Парень в кожаной куртке, бритый затылок, толстая золотая цепь, девяностые. Он бежит по тоннелю, налобника нет, в руке фонарь, тусклый, жёлтый, и луч мечется по стенам, и он бежит, и оглядывается, и лицо его мокрое, перекошенное, рот растянут в беззвучном крике, а позади него пол тоннеля вздымается волной, как живот дышащего зверя, и он спотыкается, падает, фонарь катится по глине, свет крутится, и в этом вращении я вижу, как пол смыкается над ним, как трясина, медленно, мягко, без плеска, и цепь на его шее уходит последней, блеснув в луче фонаря, который горит ещё несколько секунд, а потом гаснет.
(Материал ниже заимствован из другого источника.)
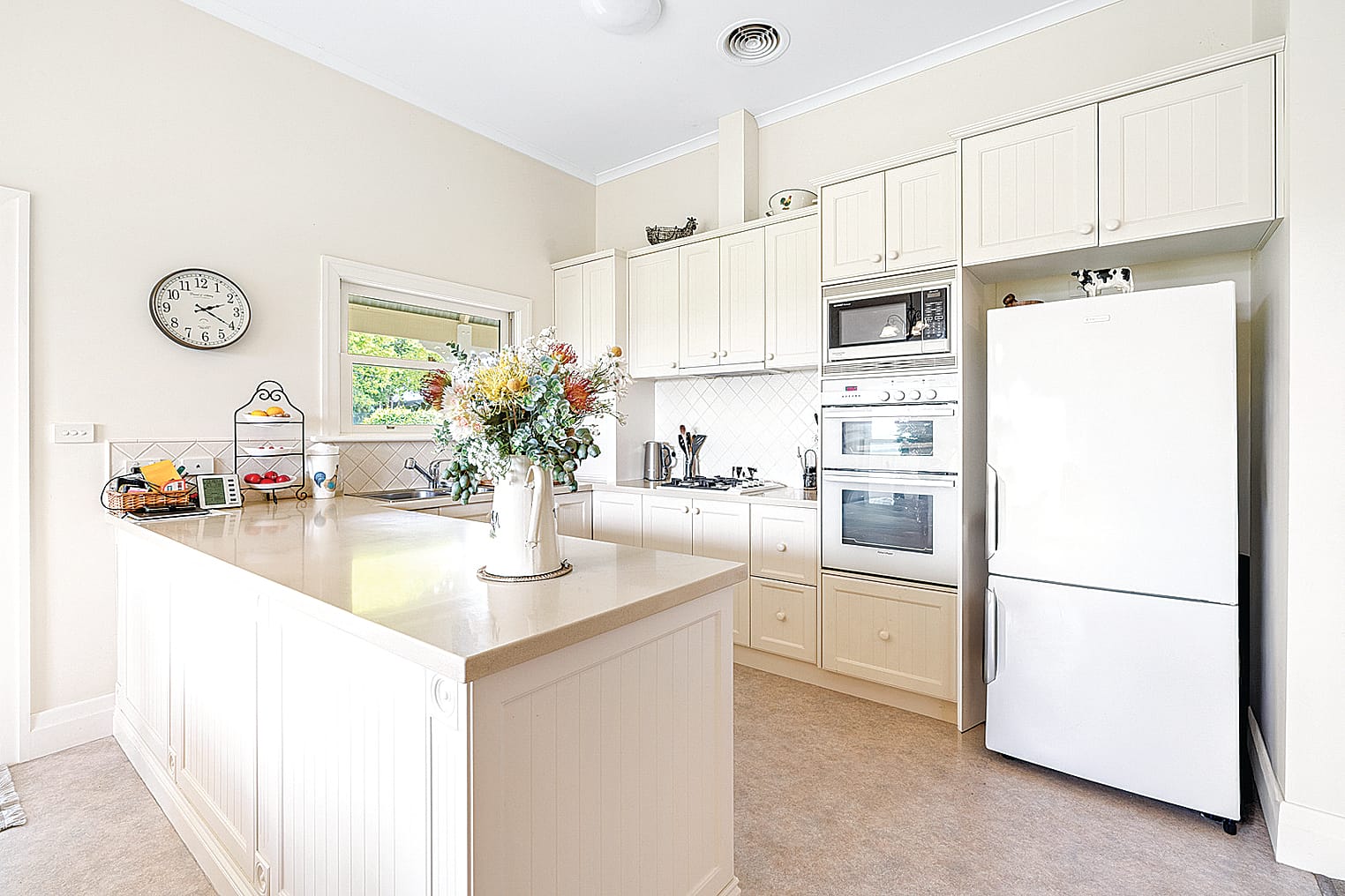 Showcasing all the hallmarks of its era, the home features soaring 10ft ceilings, ornate cornices and double-glazed windows adorned with ornamental awnings. Freshly painted on the exterior, it welcomes you with a bullnose verandah that perfectly frames the stunning outlook. Inside, the open-plan kitchen, living and dining zone creates a warm and inviting heart of the home, enhanced by a gas log heater and sliding doors that flow to the verandah for easy indoor-outdoor living. The kitchen impresses with Caesarstone benchtops, a double farmhouse sink, electric double oven with built-in microwave and gas cooktop.

Старик в телогрейке, пятидесятые. Стоит перед стеной, на которой кто-то вывел мелом: «БЛОК 11. НЕ ВХОДИТЬ. ПРИКАЗ № -». Номер приказа стёрт. Старик протягивает руку и касается стены, и стена подаётся, мягко, как мембрана, и из-под его ладони выступают пальцы, чужие, серые, длинные. Они обхватывают его запястье, и он дёргается назад, и рукав задирается, и я вижу, что на его предплечье уже проступают белые нити, под кожей, как вены, но не вены, они движутся, расползаются к локтю.
Всё это длилось, может, две секунды. Может, три. Я лежал на бетонном полу камеры с кроватью и видел сотни лет. Сотни людей. Тех, кто спускался. Тех, кто копал. Тех, кто просто проваливался, случайно, в яму, в колодец, в щель, которая открывалась и закрывалась по своим законам. И все они теперь были там, внизу, в стенах, в грибнице, в том, что росло и ждало, и терпеливо шевелило губами: «Впусти, впусти, впусти».
Потом фонарь выровнялся, и видения оборвались. Я лежал на боку, и локоть горел, и Димон кричал за моей спиной:
— Не останавливайся!
— Бегу!
Я поднялся. Мы рванули через камеру, в основной тоннель. Шпалы, вода, тюбинги. Двести метров до двери. Я не считал шаги. Я бежал, мы оба бежали, волоча Русика, и вода волновалась вокруг сапог, и эхо наших шагов гремело и множилось, и в этом грохоте я слышал лишнее, четвёртый ритм, пятый, шестой, как будто тоннель отвечал нам шагами, которые не принадлежали никому из нас.
Димон упал. Я услышал всплеск, ругань, звон металла, камера ударилась о тюбинг. Русик завалился на бок. Я бросился назад, подхватил Димона за лямку рюкзака, поставил на ноги. Лицо его, залитое светом моего фонаря, было мокрым, перекошенным, глаза быстрые, дикие. Он тоже видел. Я понял это по его глазам, по тому, как он мотнул головой, быстро, рвано, отряхивая что-то, как собака стряхивает воду.
Мы подняли Русика. Потащили дальше. Сто метров. Пятьдесят. Двадцать.